Google maps scraped data final CSV file.
Click to open the image in full screen

Congratulations! 🎉 You just built a Google Maps scraper with Python and ZenRows. You've set the pace for consistent, scalable, and uninterrupted Google Maps scraping.

Conclusion

You've learned the step-by-step techniques for scraping Google Maps, including implementing infinite scrolling, extracting specific Google Maps listing data, and saving it to a CSV file.

Since Google often deploys CAPTCHA and other anti-bot measures to block scrapers, the best way to successfully scrape Google Maps data is to use a web scraping service like ZenRows, as shown in this tutorial. ZenRows is your one-stop solution to effortlessly scrape any website at scale without getting blocked.

Try ZenRows for free now or speak with sales!

Frequent Questions

Why scrape Google Maps Data?

Google Maps hosts a wealth of valuable business data, such as locations, contact details, reviews, ratings, business hours, and more. Scraping Google Maps allows businesses to:

  • Analyze competitors and market trends.
  • Generate sales leads and enrich CRM data.
  • Optimize logistics and delivery routes.
  • Monitor reputation through reviews and ratings.
  • Discover new business opportunities and locations.

By extracting and analyzing this data, organizations can make informed decisions, improve their services, and gain a competitive edge.
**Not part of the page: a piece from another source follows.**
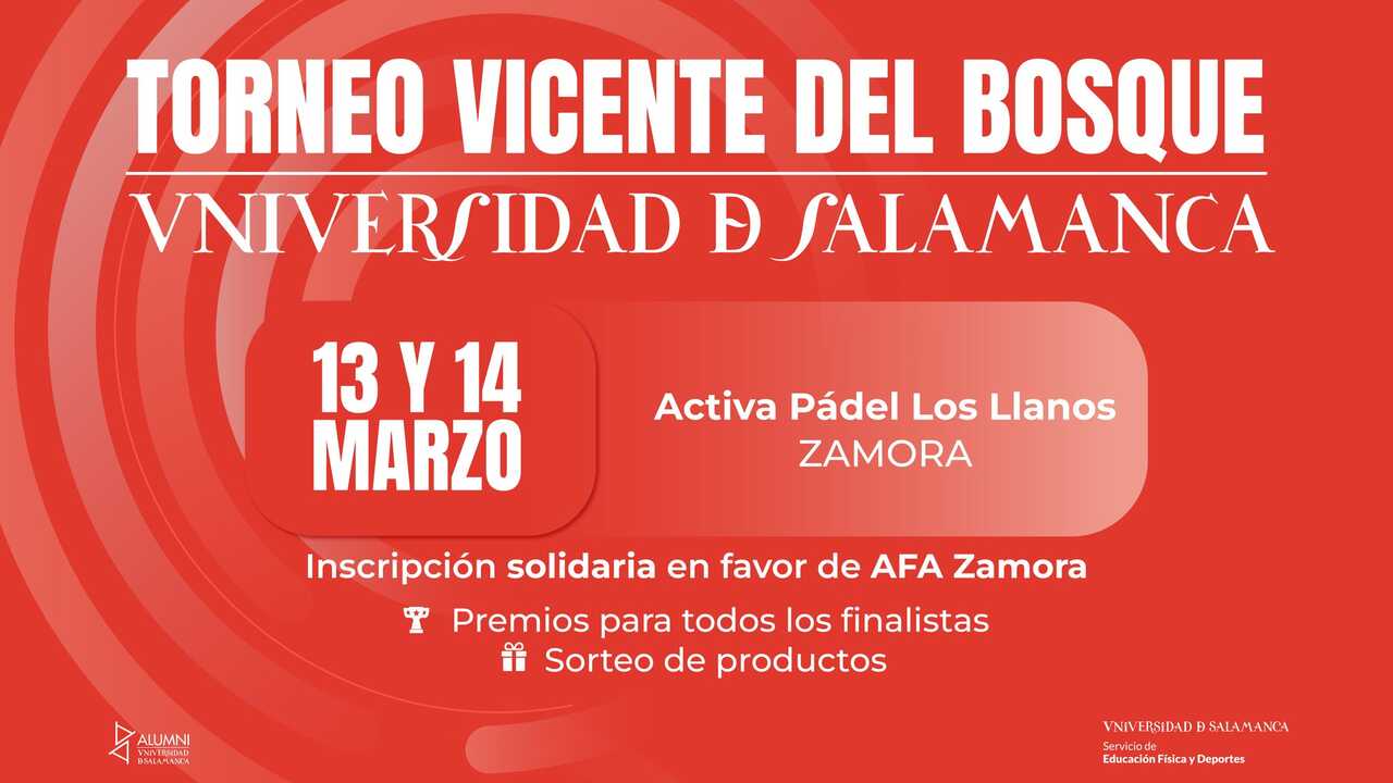 Los días 13 y 14 de marzo, Zamora se convertirá en escenario deportivo y solidario con la celebración de una nueva edición del Torneo Vicente del Bosque de pádel, organizado por el Servicio de Educación Física y Deportes de Alumni Universidad de Salamanca.
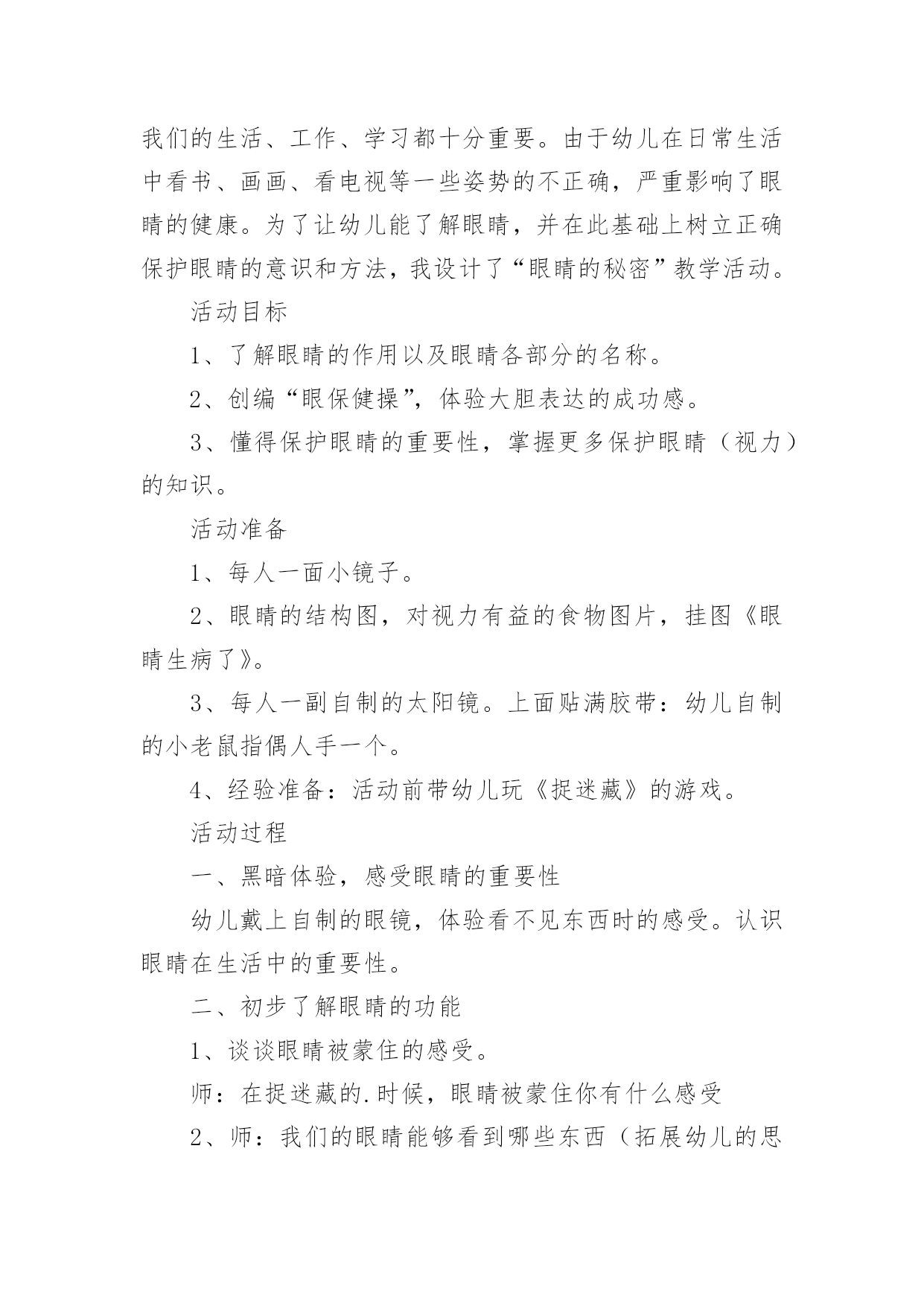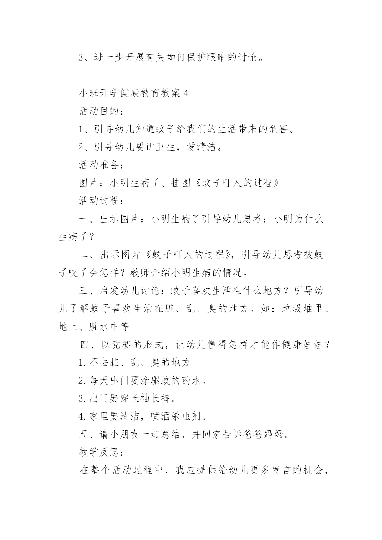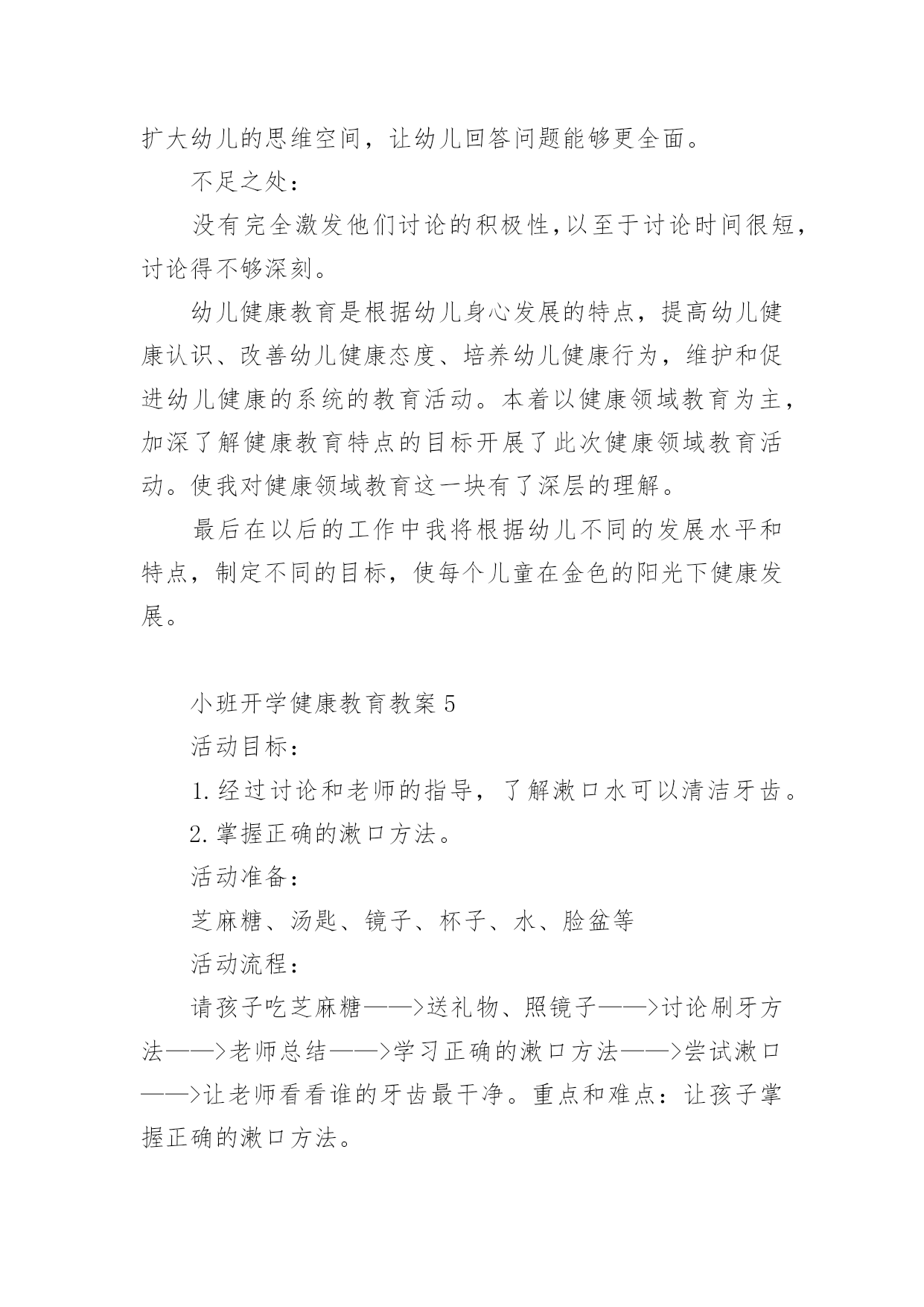 小班开学健康教育教案小班开学健康教育教案模板(精选8篇)作为一名专为他人授业解惑的人民教师,很有必要精心设计一份教案,教案是教学活动的依据,有着重要的地位。如何把教案做到重点突出呢?以下是小编为大家收集的小班开学健康教育教案模板(精选8篇),欢迎阅读与收藏。小班开学健康教育教案1活动目标:1、知道吃了太多甜食物会影响身体健康。2、知道爱吃什么有助于健康。3、初步了解健康的小常识。4、培养良好的饮食习惯。活动准备:PPT课件、糖果实物活动过程:1、教师出示糖果或甜食品后讲述故事导入课题。师:小朋友!老师手里拿了一些什么啊?(糖果、饼干等)那小朋友们爱吃吗?(爱)。2、教师讲述故事《不吃太多甜食》,幼儿倾听。师:小朋友们一起来听一听这个故事。听一听到听到了什么?3、教师小结并讨论:不能吃太多,吃多了会有什么不好的反应。师:如果老爱吃甜食物就会有好多不好问题出现。(1)饭菜吃不下,肚子疼等。(2)会长成小胖子,会蛀牙等。4、活动总结:小朋友们!那以后你们要不要只爱吃甜食物,不爱吃饭拉,如果还这样的话,身体就会越来越差的!所以我们要每次要吃也只能吃一点点!5、活动结束。教学反思:从这个活动中,我认识到幼儿园课堂教学中,教师首先要以孩子为主体,同时要有驾驭课堂的能力,在引导孩子学习的过程中,不断地发现问题,不断地变换教学手段和方法,从而让每个幼儿都参与到活动中,准确地掌握知识。带领幼儿游戏时,要顾及到绝大多数的孩子,将个别示范与分组游戏、集体游戏相结合,可以根据幼儿的课堂情况不断地变换游戏形式,从而提高每个幼儿的学习积极性。小班开学健康教育教案2【活动目标】1、通过讨论和教师的引导知道漱口可以清洁牙齿。2、掌握正确的漱口方法。【活动准备】芝麻糖、调羹、镜子、杯子、水、脸盆等。【活动过程】1、请客吃芝麻糖:过新年的时候,我买了许多好吃的东西,今天请你们吃好吗?(幼儿品尝芝麻糖)2、送礼物,照镜子:我还准备了小礼物送给你们,你们看看是什么?(镜子)今天我们来照照嘴巴里面有什么?(牙齿)牙齿是什么颜色的?(引导幼儿发现牙齿上的黑芝麻)黑芝麻爬到牙齿上去了,牙齿变脏了,你有什么办法把黑芝麻从牙齿上赶走呢?3、幼儿自由讨论清洁牙齿的方法。4、教师总结:牙齿脏了可以用牙刷刷牙,也可以用漱口的办法,可是幼儿园里没有牙刷,就让我们来漱口吧。5、学习正确漱口的方法:(1)教师演示:手拿小杯子,喝口清清水,抬起头,闭起嘴,咕噜咕噜吐出水。(2)幼儿边念儿歌边学习正确漱口的方法。(空手模仿)请个别幼儿听口令做动作。集体听口令做动作。6、漱口:幼儿拿好杯子喝水漱口,吐在脸盆里。7、让客人老师看看谁的牙齿最干净。小班开学健康教育教案3设计意图《纲要》中指出:孩子要有初步的安全和健康知识,明白关心和保护自己。眼睛是我们人体重要的感觉器官,对于我们的生活、工作、学习都十分重要。由于幼儿在日常生活中看书、画画、看电视等一些姿势的不正确,严重影响了眼睛的健康。为了让幼儿能了解眼睛,并在此基础上树立正确保护眼睛的意识和方法,我设计了“眼睛的秘密”教学活动。活动目标1、了解眼睛的作用以及眼睛各部分的名称。2、创编“眼保健操”,体验大胆表达的成功感。3、懂得保护眼睛的重要性,掌握更多保护眼睛(视力)的知识。活动准备1、每人一面小镜子。2、眼睛的结构图,对视力有益的食物图片,挂图《眼睛生病了》。3、每人一副自制的太阳镜。上面贴满胶带:幼儿自制的小老鼠指偶人手一个。4、经验准备:活动前带幼儿玩《捉迷藏》的游戏。活动过程一、黑暗体验,感受眼睛的重要性幼儿戴上自制的眼镜,体验看不见东西时的感受。认识眼睛在生活中的重要性。二、初步了解眼睛的功能1、谈谈眼睛被蒙住的感受。师:在捉迷藏的.时候,眼睛被蒙住你有什么感受2、师:我们的眼睛能够看到哪些东西(拓展幼儿的思维空间)教师小结:我们的眼睛真了不起,能让我们看到很多很多的东西。但是你们了解自己的眼睛吗三、了解眼睛各部分的名称1、先让幼儿用镜子观察自己的眼睛:眼睛的上面有什么眼睫毛有什么用处眼睛里面像黑葡萄的是什么眼睛最中间的小黑点是什么2、出示眼睛结构图,引导幼儿观察。教师小结:眼睫毛对眼睛有保护作用,能遮住眼睛不被强光照射,也可防止尘土落入眼内。眼睛里面像黑葡萄的是眼珠,眼珠最中间的小黑点叫瞳孔。四、讨论学习保护眼睛的方法1、师:认识了眼睛,明白了眼睛的用处,我们就就应好好地来保护眼睛,就应怎样保护呢2、出示挂图《眼睛生病了》,提问:这个小朋友为什么要揉眼睛他的眼睛怎样了眼睛会生什么病呢(近视眼、红眼病、沙眼、结膜炎、麦粒肿等。)3、讨论:眼睛为什么会生病(如用脏手帕擦眼睛,用脏手揉眼睛,看书或看电视时间太长、坐姿不端正等。)4、讨论:日常生活中X我们应怎样保护眼睛A看电视时,距离电视2米以上,看电视时间不能过长:看书时身体要坐正,

Is it legal to scrape Google Maps data?

It's legal to scrape publicly available data that doesn't require authentication, such as Google Maps listings. However, always use scraped data responsibly, avoid infringing on intellectual property, and ensure compliance with local and regional data protection laws (such as GDPR). It’s also vital to follow ethical scraping best practices while scraping data from Google Maps.

Do I need proxies to scrape Google Maps?

Proxies are recommended when scraping Google Maps, as they increase anonymity and help you bypass restrictions, such as request rate limits.

Additionally, if you're looking to scrape Google Maps data for a specific region, it's best to use a proxy service with geolocation. Web scraping solutions like ZenRows include rotating premium proxies with built-in geolocation support out of the box.

How do I avoid getting blocked when scraping Google Maps?

The best way to avoid getting blocked and build a reliable Google Maps scraper is to mimic real user behavior and use advanced stealth techniques as much as possible. Managing these measures manually at scale can be challenging.

However, ready-made, auto-managed, auto-scaled scraping solutions, such as ZenRows, automatically bypass anti-bot measures and support the scraping of dynamic content. Using such solutions enables you to create a scalable Google Maps scraping system that doesn't get blocked.